Bleeding heart vine is not cold hardy. It is a tropical houseplant that dies if it is left out through frost — there is no zone where it overwinters outdoors in a UK or cold-US climate. Indoor-only in almost every home. Bleeding heart vine can only live outside year-round in genuinely frost-free climates (roughly USDA USDA 10-12 (RHS hardiness H1B; grow as a tender houseplant or summer patio plant in cooler climates, bringing it in before temperatures fall below ~10 C / 50 F)); everywhere else it is a houseplant that summers out at most.
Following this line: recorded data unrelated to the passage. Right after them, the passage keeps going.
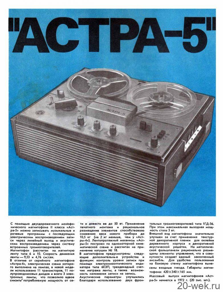 Магнитофоны "Астра-5", "Астра-205" и "Астра-206" соответственно с 1972, 1973 и 1975 года выпускал Ленинградский завод "Техприбор". Все магнитофоны имеют одинаковую конструкцию и практически одну электрическую схему. Аппараты предназначены для записи фонограмм от микрофона, звукоснимателя, приёмника, телевизора, радиолинии и другого магнитофона с последующим воспроизведением через собственную или внешнюю АС. ЛПМ моделей собран по одномоторной схеме и рассчитан на использование катушек № 18 ёмкостью 525 метров с лентой типа 6 или 10. Скорости протяжки ленты: 9,53 и 4,76 см/сек. В отличие от модели ''Астра-4'' выполненной на лампах, в этих моделях всего 3 лампы, 11 транзисторов и 11 диодов, что позволило практически вдвое снизить потребляемую мощность. В моделях имеется: трёхдекадный счетчик расхода ленты; электронно-оптический индикатор уровня записи на лампе 6Е3П; возможность наложения новой записи на имеющуюся. Акустические параметры улучшились благодаря применению двух громкоговорителей 1ГД-36, при этом максимальная выходная мощность возросла до 3 Вт. Диапазон рабочих частот звука 40...12000 Гц на большей скорости и 63...6300 Гц на меньшей. Питание от электрической сети. Потребляемая мощность 50 Вт. Габариты любой модели 420х340х105 мм, масса 10,5 кг. Цена любого из магнитофонов 210 рублей. Магнитофон ''Астра-206'' имеет незначительные изменения схемы по входам. Магнитофонов "Астра-5" было выпущено около 20.000 экземпляров.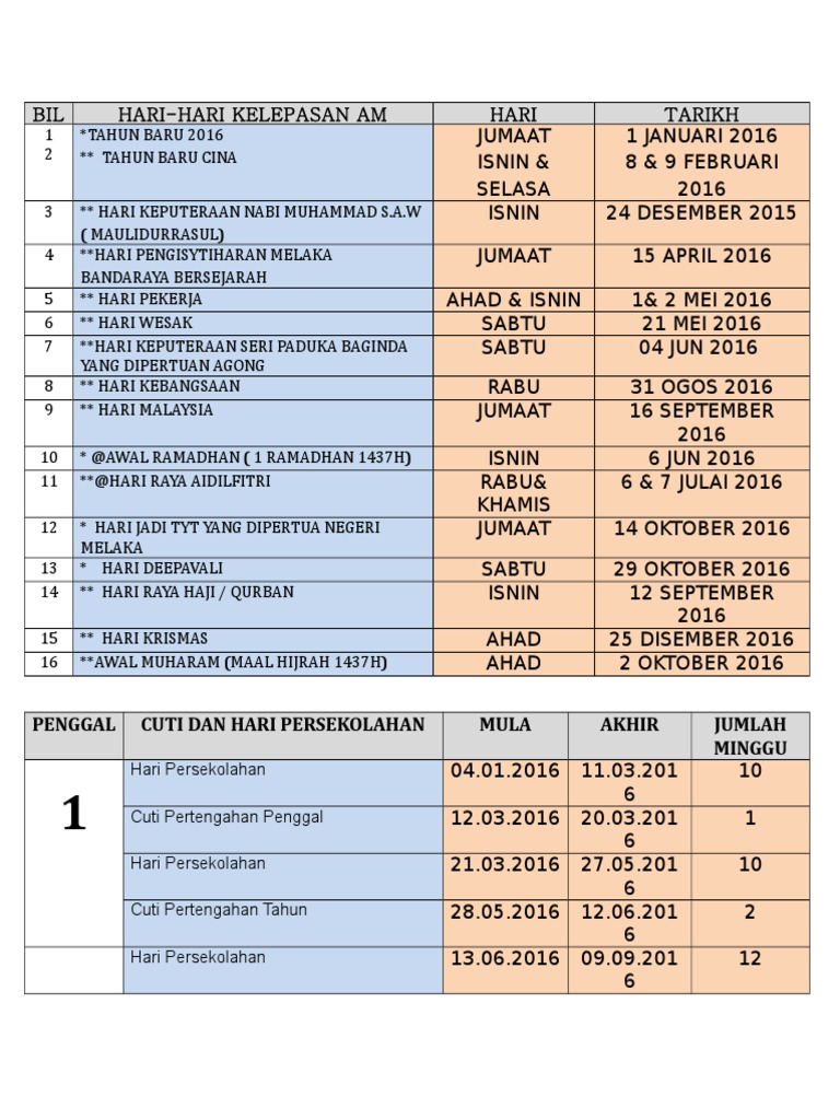 Kalendar Cuti Umum Dan Cuti Sekolah 2016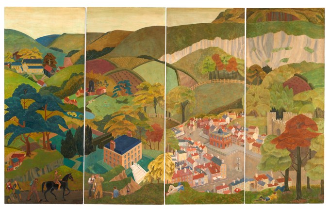 Useful, too, are the artist biographies, collected and collated by Llewellyn and Alanna Jones. These are a veritable gold mine for future research projects: could anything be more tempting to a researcher than the phrase ‘little is known about…’? Alongside Llewellyn’s introductory catalogue essay, these biographies give a sense of the professionalisation of women artists during this period, and the career opportunities available to them. Some of my favourite works at the exhibition were designs for murals, such as Barbara Jones’s The Resort (1950), Doris Zinkeisen’s [‘Work’] Artist’s record of mural designed for the Arts and Crafts exhibition (1916) and Margaret L. Duncan’s Reigate and its Environments (late 1930s).

What is the minimum temperature bleeding heart vine can survive?

Minimum survivable temperature is roughly about 5 °C (and never frost). Bleeding heart vine has no frost tolerance at all — it is an indoor plant in any climate with a real winter.

What hardiness zone is bleeding heart vine?

Bleeding heart vine is rated USDA USDA 10-12 (RHS hardiness H1B; grow as a tender houseplant or summer patio plant in cooler climates, bringing it in before temperatures fall below ~10 C / 50 F) and RHS H1c — Warm-temperate — can summer outdoors but must come in well before the first frost.

Can bleeding heart vine survive winter outside?

It can holiday outdoors in summer once nights are reliably above 5 °C, in shade or dappled light, hardened off gradually. Bring it back indoors well before the first autumn frost — do not wait for a frost warning, move it when nights drop toward 10-12 °C. It will never overwinter outside in a temperate climate; the indoors is its winter home, full stop.

What happens to bleeding heart vine below its minimum temperature?

Below about about 5 °C, growth stalls and the leaves start to show cold stress — dark, water-soaked, or yellowing patches. A single light frost blackens the foliage; a hard freeze kills the whole plant, roots included, and it does not recover. Even a cold, draughty windowsill or an unheated porch in winter can be enough to damage it permanently.